[Excerpted records — start]

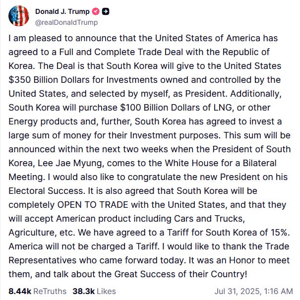 Президент США Дональд Трамп объявил, что Штаты и Южная Корея достигли договоренности о новых условиях торговли с тарифами 15% на корейский импорт.
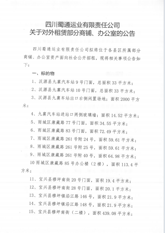 ËÄ´¨Êñͨß\(y¨´n)˜I(y¨¨)ÓÐÏÞØŸ(z¨¦)Èι«Ë¾êP(gu¨¡n)ÓÚŒ¦Íâ×âÙU²¿·ÖéTÃæ¡¢Þk¹«ÊÒÙY®a(ch¨£n)µÄ¹«¸æ
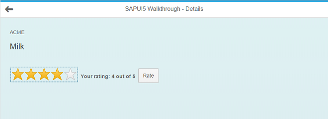 In this step, we are going to extend the functionality of SAPUI5 with a custom control. We want to rate the product shown on the detail page, so we create a composition of multiple standard controls using the SAPUI5 extension mechanism and add some glue code to make them work nicely together. This way, we can reuse the control across the app and keep all related functionality in one module.
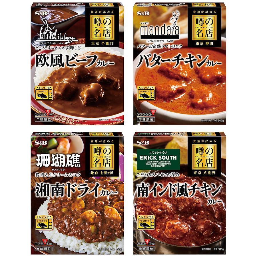 有名店監修の「噂の名店」シリーズの人気カレー4種セットです。4種類×各1個種類:欧風ビーフカレー、バターチキンカレー、湘南ドライカレー、南インド風チキンカレー【重要】メーカーによる商品リニューアルに伴いパッケージ(内容量も含む)変更が行われた場合、新パッケージでお届け致します事ご了承願います。
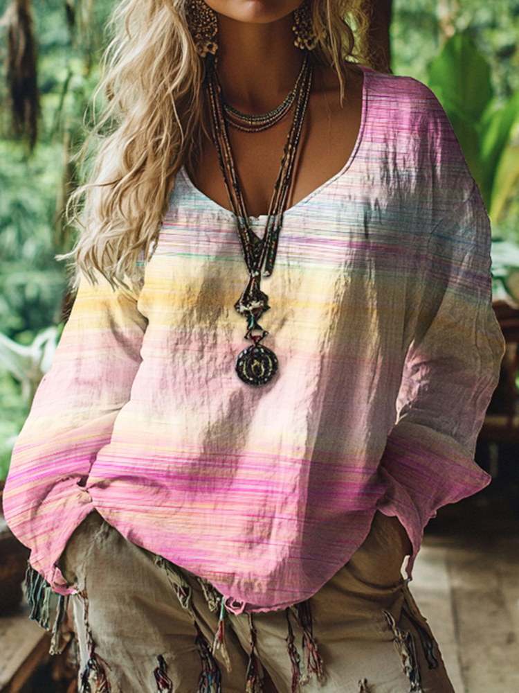 Women's Vintage Cancer Awareness Ribbon Gradient Long Sleeve T-shirt
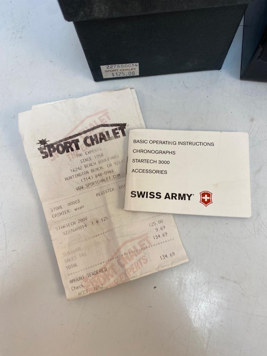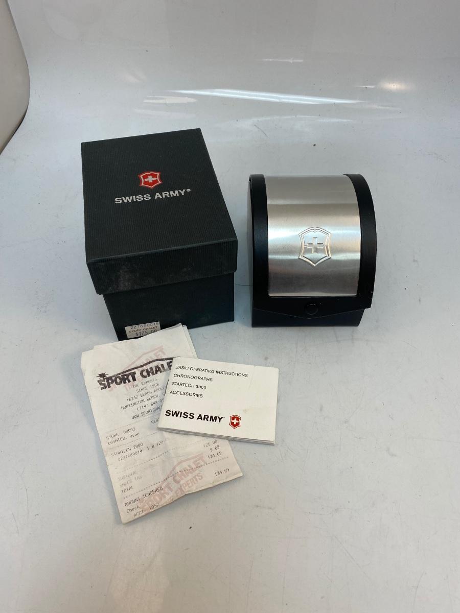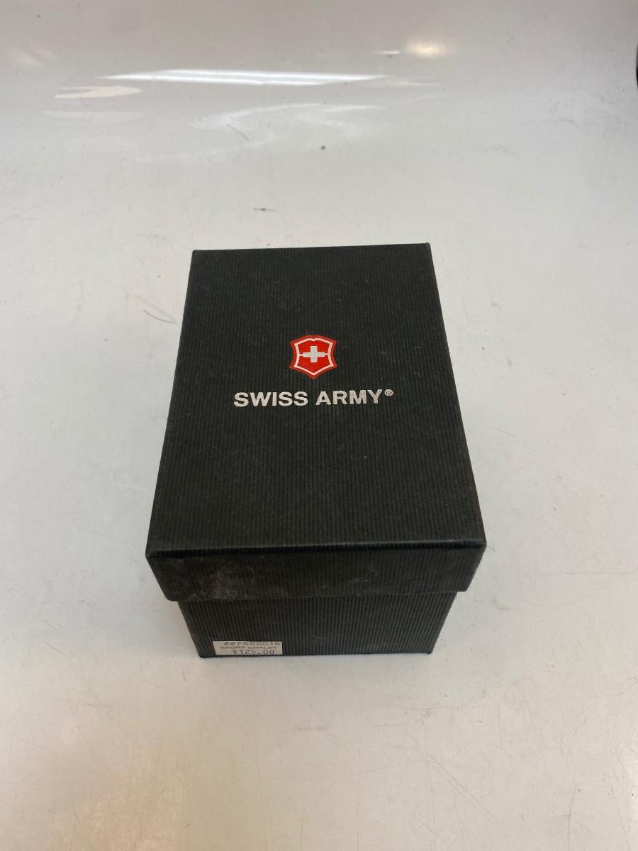 Swiss Army Men's Wristwatch Time Piece with Original Box. Light signs of wear. Currently not running, may just need a battery. Comes with original box, user guide and sales receipt.
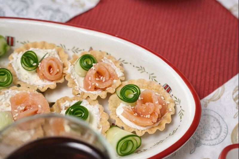 Некоторые закуски, такие как тарталетки, мгновенно исчезли с новогоднего стола. Их популярность объясняется разнообразием начинок: с красной рыбой и творожным сыром или с креветками и пастой. Эти маленькие угощения были быстро съедены благодаря простому и привлекательному оформлению, когда массу из яиц, крабовых палочек, сыра и майонеза уложили в тарталетки с помощью кондитерского мешка.
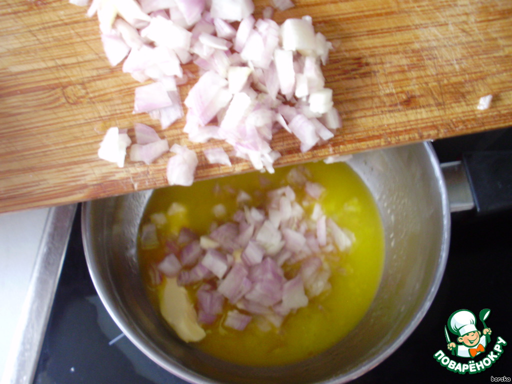 В сотейнике растопить сливочное масло и добавить мелко нарезанный лук-шалот. Тушить до прозрачности. -
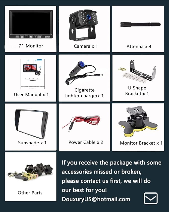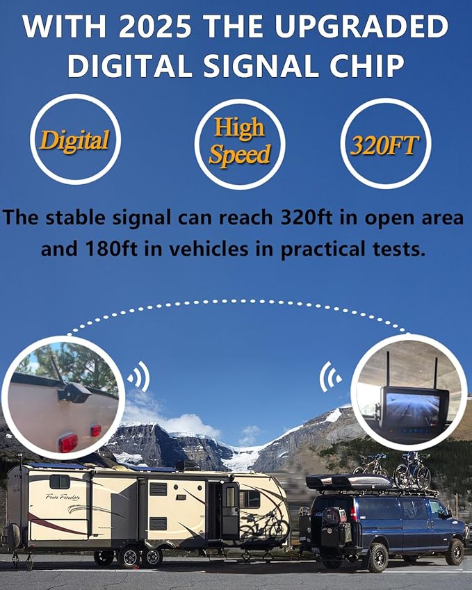 - Upgraded Wireless Backup Camera: With unique dual antenna design and the latest digital signal chip, the wireless backup camera can send 1080P videos to the display via the stronger signal. The signal can reach 320ft in open area and 180ft in vehicles

[Excerpted records — finish]

▶ [The problem]:
With the line containing "В сотейнике растопить" as the first line and the last line of the listing as the final one, reproduce that span exactly, without pictures.

▶ [Solved problem]:
 В сотейнике растопить сливочное масло и добавить мелко нарезанный лук-шалот. Тушить до прозрачности. -
 - Upgraded Wireless Backup Camera: With unique dual antenna design and the latest digital signal chip, the wireless backup camera can send 1080P videos to the display via the stronger signal. The signal can reach 320ft in open area and 180ft in vehicles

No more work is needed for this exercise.